Data shown
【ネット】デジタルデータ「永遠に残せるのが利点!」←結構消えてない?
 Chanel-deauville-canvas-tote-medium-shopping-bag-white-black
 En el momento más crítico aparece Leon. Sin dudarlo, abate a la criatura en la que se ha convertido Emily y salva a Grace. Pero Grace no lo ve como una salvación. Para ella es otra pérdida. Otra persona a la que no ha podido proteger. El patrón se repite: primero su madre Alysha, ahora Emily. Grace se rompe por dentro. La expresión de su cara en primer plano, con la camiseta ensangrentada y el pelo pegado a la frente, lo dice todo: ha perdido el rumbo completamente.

--

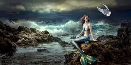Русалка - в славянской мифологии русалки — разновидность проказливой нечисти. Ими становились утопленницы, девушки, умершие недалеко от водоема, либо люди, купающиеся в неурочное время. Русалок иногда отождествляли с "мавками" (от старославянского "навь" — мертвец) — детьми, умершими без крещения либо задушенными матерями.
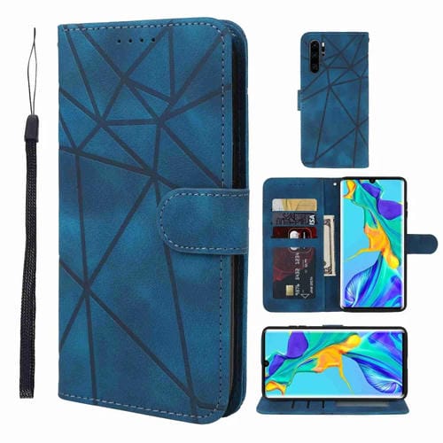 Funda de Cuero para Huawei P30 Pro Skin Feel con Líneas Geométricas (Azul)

* * *

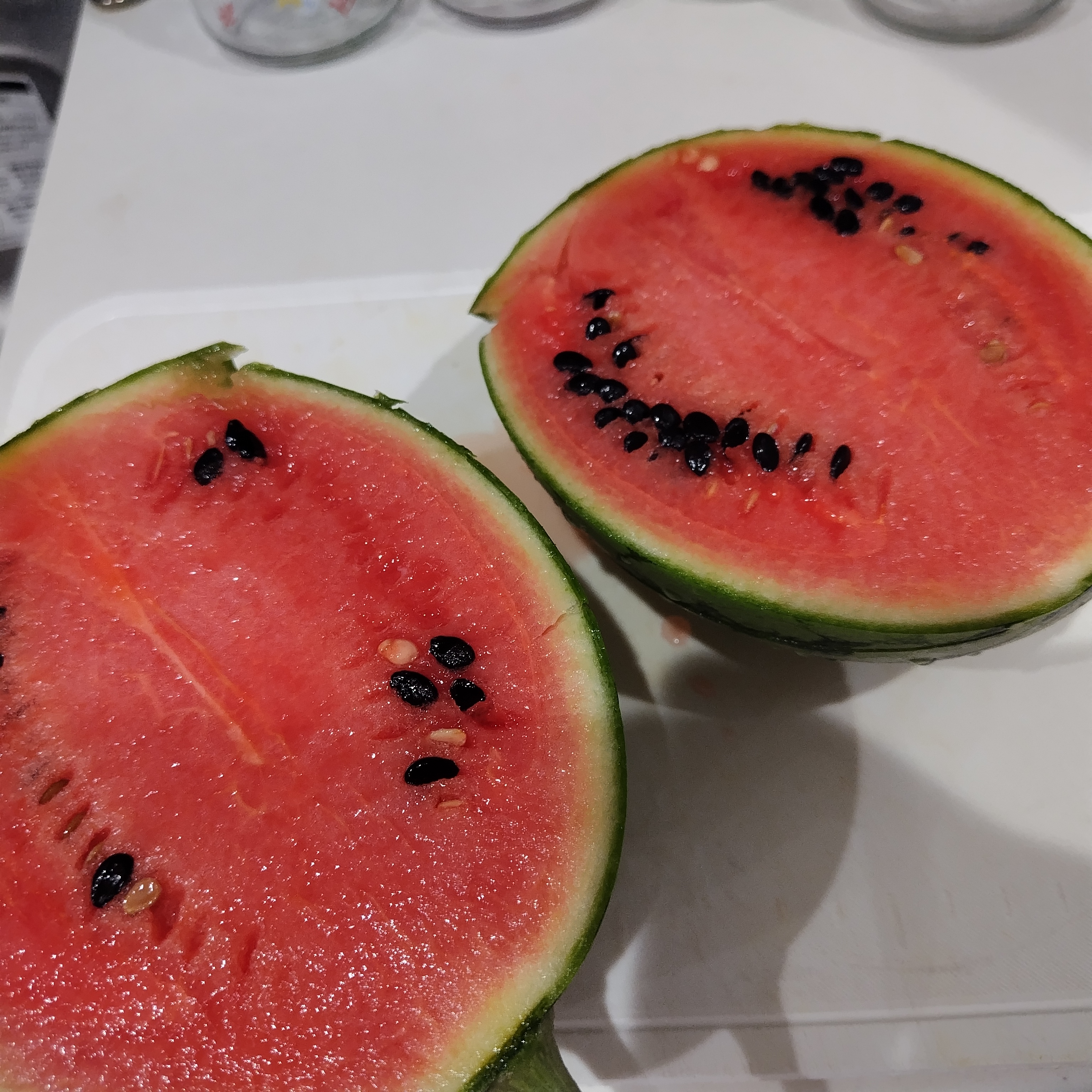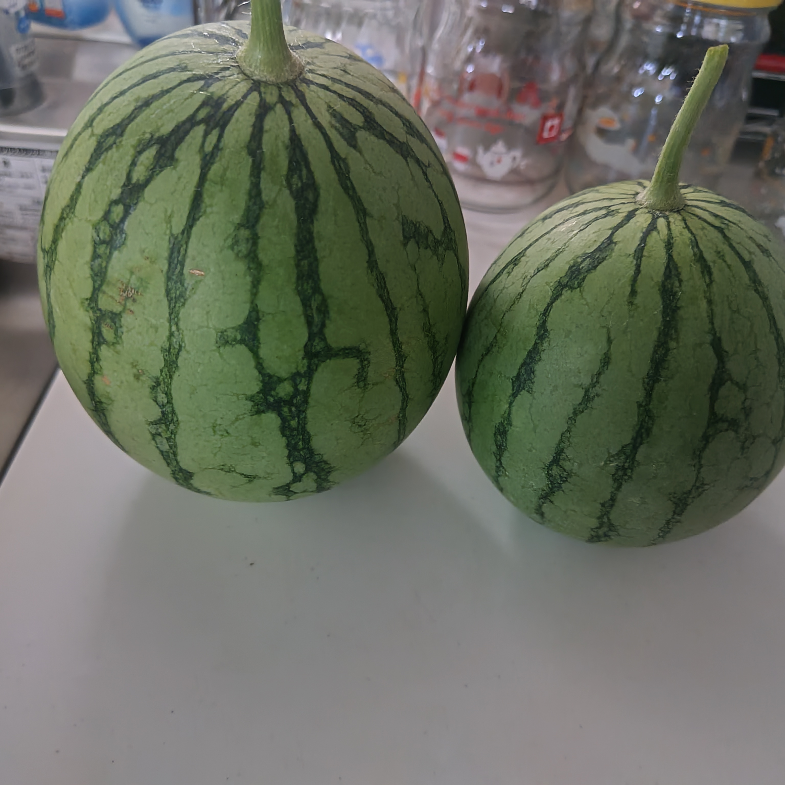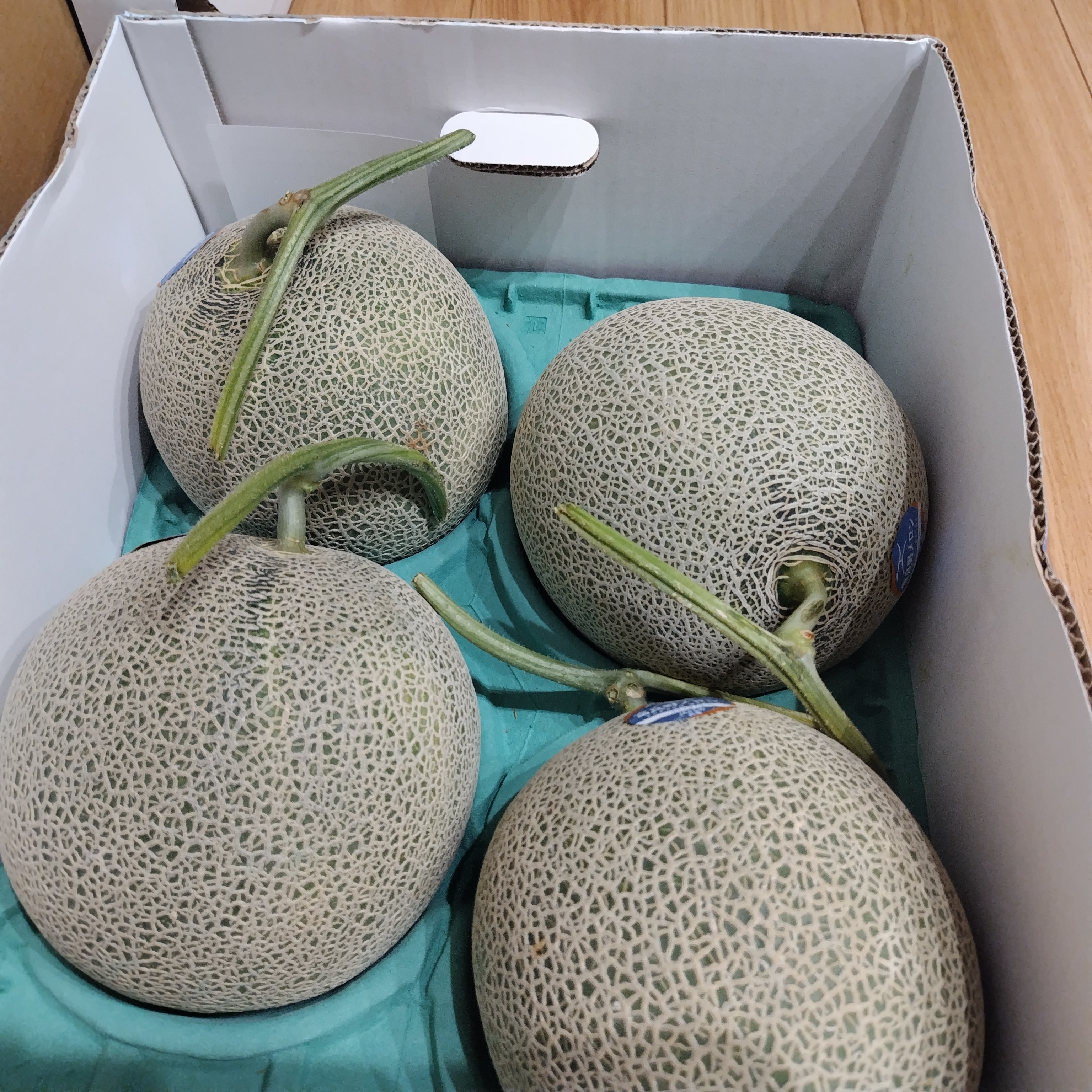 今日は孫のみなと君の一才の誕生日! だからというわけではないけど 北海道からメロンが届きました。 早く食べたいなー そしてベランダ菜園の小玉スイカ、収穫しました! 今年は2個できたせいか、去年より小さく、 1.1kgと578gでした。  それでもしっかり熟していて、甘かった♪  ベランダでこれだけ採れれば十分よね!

About this exercise
Find the line with "Русалка - в" in the entries above. Set down exactly every line from it up to and including the line with "Funda de Cuero", images excluded.

Reply
Русалка - в славянской мифологии русалки — разновидность проказливой нечисти. Ими становились утопленницы, девушки, умершие недалеко от водоема, либо люди, купающиеся в неурочное время. Русалок иногда отождествляли с "мавками" (от старославянского "навь" — мертвец) — детьми, умершими без крещения либо задушенными матерями.
 Funda de Cuero para Huawei P30 Pro Skin Feel con Líneas Geométricas (Azul)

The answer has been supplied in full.